I had laid on the altar the three shards of obsidian: the two that came from the murders, and the last for Payaxin. Each time I came back to my temple I was reminded innocents had died.

  On the second night of my watch, I saw Ceyaxochitl going into her courtyard with an owl cage. I saw her lay down the jade, the spider carving and the obsidian blade. I saw her kill the bird and trace the square in blood.

  I saw her summon the Wind of Knives. He came to her call, and moved to stand near her, the hundred of obsidian knives glinting under the light of the moon. She whispered something to Him.

  No. I rose from my precarious hiding place, and almost fell from the roof. But still I could not hear the words any of them spoke. Ceyaxochitl dismissed the Wind of Knives, and He faded away from the courtyard, taking with Him the coldness and the sense of despair.

  Not possible. The Wind had not sounded so much of a liar.

  Had He? What did I know of underworld creatures, after all? I only knew how to read men. Supernatural creatures remained beyond me to encompass.

  I came back to my temple at dawn, shaking from the cold, and sent a messenger to Macihuin, begging him to come. I waited and waited, but there was no answer. At last, a bedraggled boy brought me a crumpled piece of paper from Macihuin. I cannot help you, not now. Tonight, when I have finished my work.

  Something was afoot. Why had Ceyaxochitl summoned the Wind of Knives once more? Did she think to kill more men, more foolish sects who spoke of things they would never dare accomplish? Did she…

  My heart missed a beat. Did she think to kill both Macihuin and I?

  I sent my answer, telling to Macihuin to take care, and I waited.

  On the altar, the shards of obsidian glinted with sunlight: two of them green, the last without any colour at all.

  The sun seemed to take an eternity to move; I watched the shadows of the obsidian shards expand and then shrink again. The light turned from golden to white to golden again.

  The shards…

  I picked the two which shone with green reflections, one in each hand, and looked at them carefully. They did not look like the one in Payaxin's body; in fact… I put both of them in my right hand. They fitted together along part of their length, to form a narrow piece almost twice as long. Pieces of the same shattered blade?

  It did not look like a blade, no matter which way I turned the assembled pieces. Still, there was something odd about them…

  The sun was still high in the sky. I wrapped the three shards in a cotton cloth, and went into the district of artisans.

I had trouble finding a knife-maker who would receive me; they had work to do, more important work than accommodating a priest for the Dead.

  At length a very old man shuffled out of a workshop. “You need a knife-maker? I have time.”

  He must have seen my grimace in spite of his rheumy eyes. “I am not so old, boy.”

  I sighed, and handed him the cloth. “Can you tell me where those knife shards came from?”

  He laughed as he moved back into the shadows of his house. I followed him.

  “From which quarry, you mean? That's hard. Perhaps, if the pieces are big enough…” He unwrapped the cloth, bent over them.

  His finished knives lay on a low table, each of them a testimony to his skill, the blades sharp, the handles carefully crafted. Obsidian flakes lay everywhere.

  At length the old man raised his eyes. “Those are not knife shards.”

  My heart went cold. “What do you mean?”

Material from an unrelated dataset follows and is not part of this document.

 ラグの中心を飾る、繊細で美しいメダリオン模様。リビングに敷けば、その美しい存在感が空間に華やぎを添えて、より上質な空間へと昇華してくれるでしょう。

  He moved, picked one of his own knives, and showed me the edge of the blade. “A knife blade is… peculiar. We make it by shaving off flakes from the rock, and it shows: you can still see the places where we removed the slivers.” His hand hovered over Payaxin's shard. “This is a knife shard. This was made to cut. You can see the indentations on the edge.”

  “And those?” I asked.

  “Those were polished,” he said.

  “But they're sharp.”

  He shook his head. “They're sharp because they were broken. Broken obsidian always cuts.”

  I asked my next question carefully, unsure of where his answer would take me. “Then where do those come from?”

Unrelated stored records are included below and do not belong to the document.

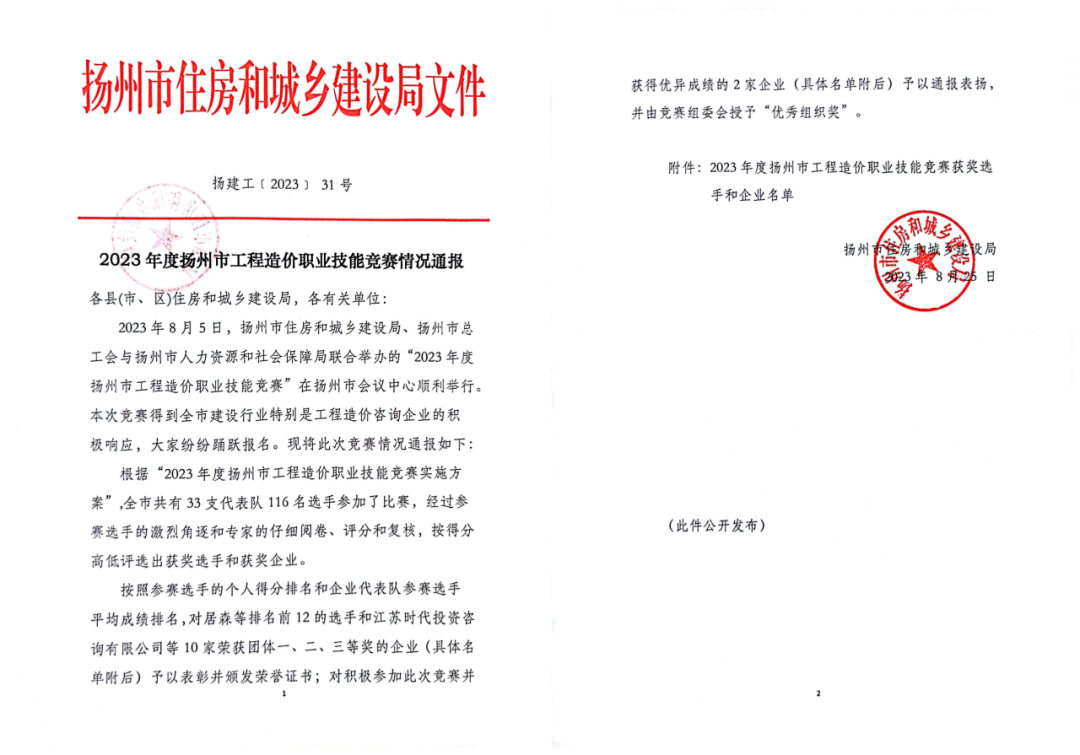 热烈祝贺扬州筑苑工程招标咨询有限公司在2023年度扬州市工程造价职业技能竞赛中取得优异成绩!
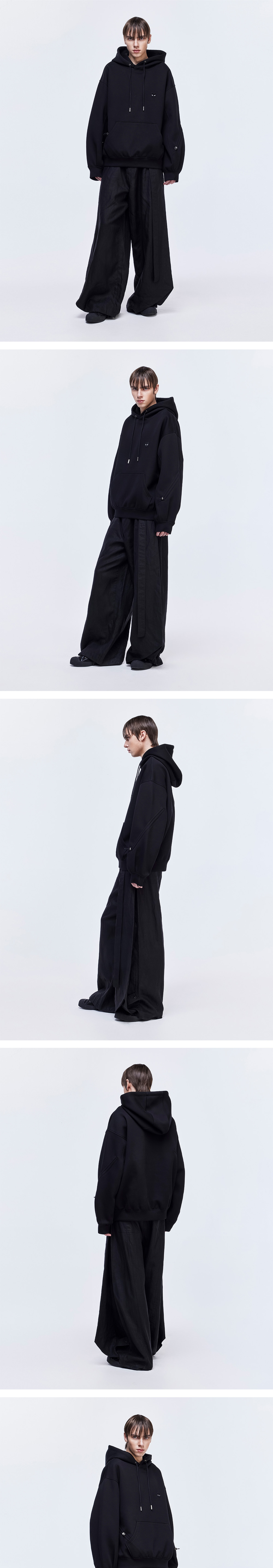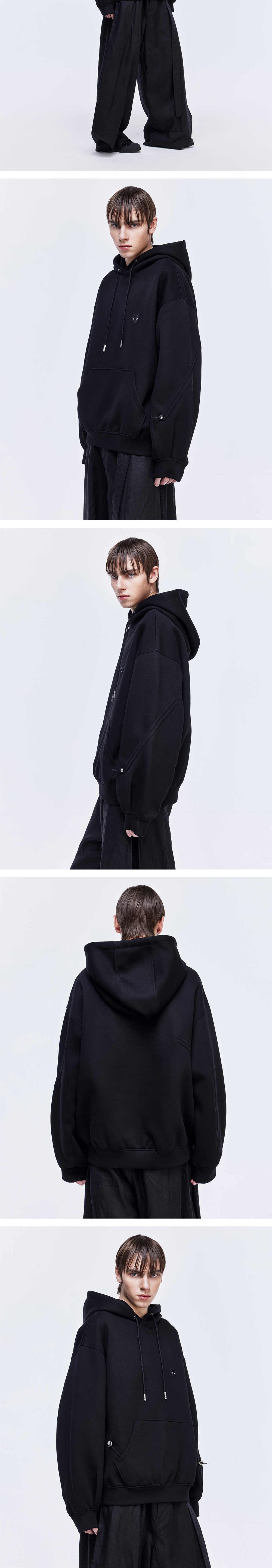 - 볼륨 디비언트 후드 - 부드러우면서 탄탄한 소재 구성 - 입체 패턴과 턱을 이용한 시그니처 오버핏 실루엣 - 소매 엘라 스트링 디테일로 다양한 실루엣 연출 - 전면 '그레이 아이즈' 펜서 와펜 - 후면 지제로 로고 금속 장식 - MADE IN CHINA
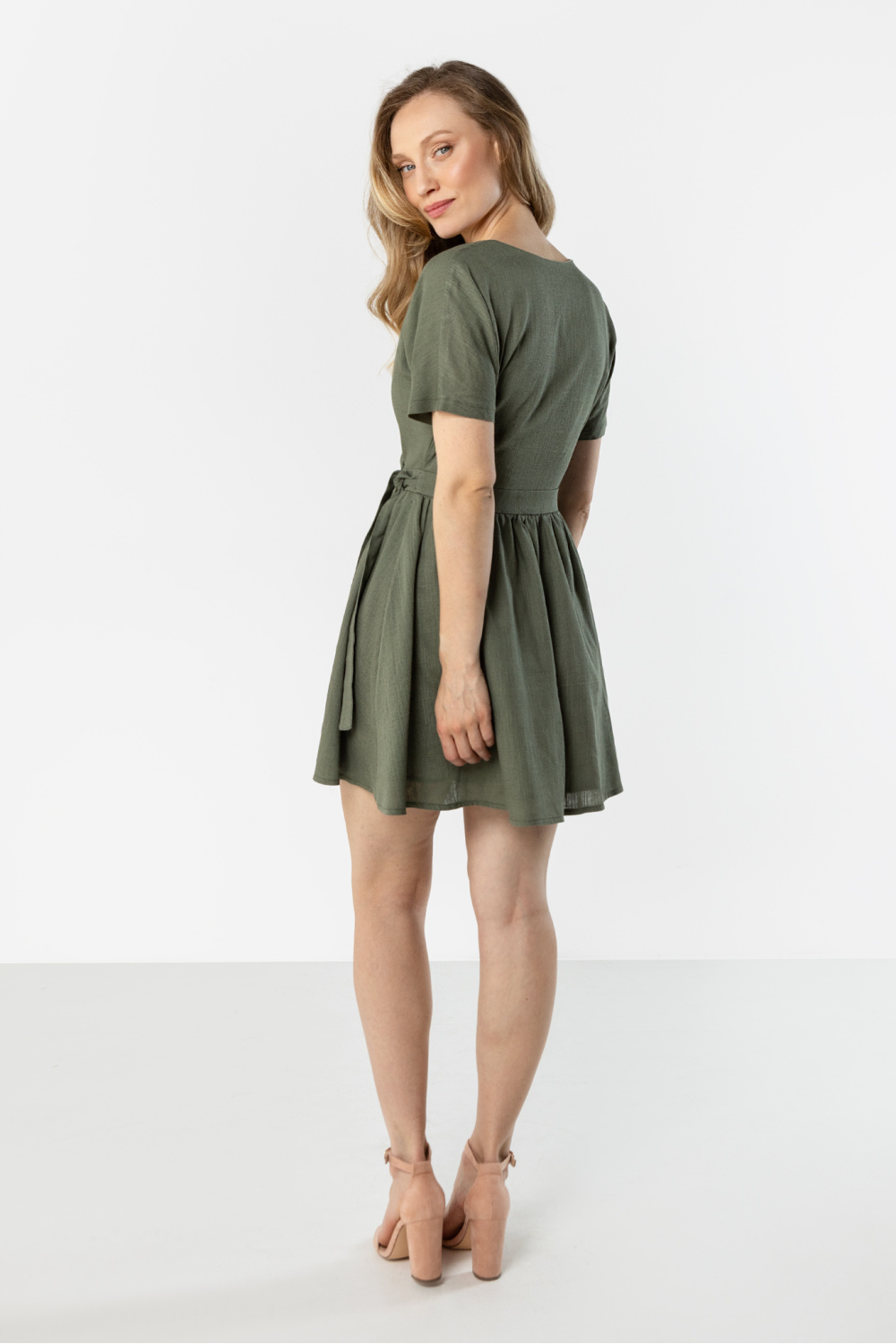 Een lichte mini-jurk met een wikkelmodel is een ideale keuze voor warme dagen. De V-hals benadrukt subtiel de nek en geeft de styling een vrouwelijk karakter, terwijl het strikken in de taille de silhouet mooi vormgeeft. Korte mouwen zorgen voor draagcomfort, terwijl de wijd uitlopende zoom lichtheid en vrijheid toevoegt. De natuurlijke, linnen stof zorgt ervoor dat het model perfect is voor dagelijks gebruik en zomerse uitstapjes.

  “I only make knives. But…” He laid his knife back on the table, and looked me in the eye. “It's a mirror, an obsidian one such as a woman would have in her house.”

  A mirror.

  I thanked him, picked up the shards, and went home. All the while my mind was running on unfamiliar paths, desperately trying to fit the pieces together. Tezcatlipoca, God of the Smoking Mirror. The mirror of obsidian that gave life and death.

  Shards of a mirror that throbbed with power under my hand, speaking of death. Not the underworld. Never the underworld. Deaths, because Tezcatlipoca was also the God of War and Fate.

  Despite everything that Ceyaxochitl had told me, despite everything Macihuin and I had found out, the sect had indeed summoned something. But not something from the underworld. The Wind would have killed them then.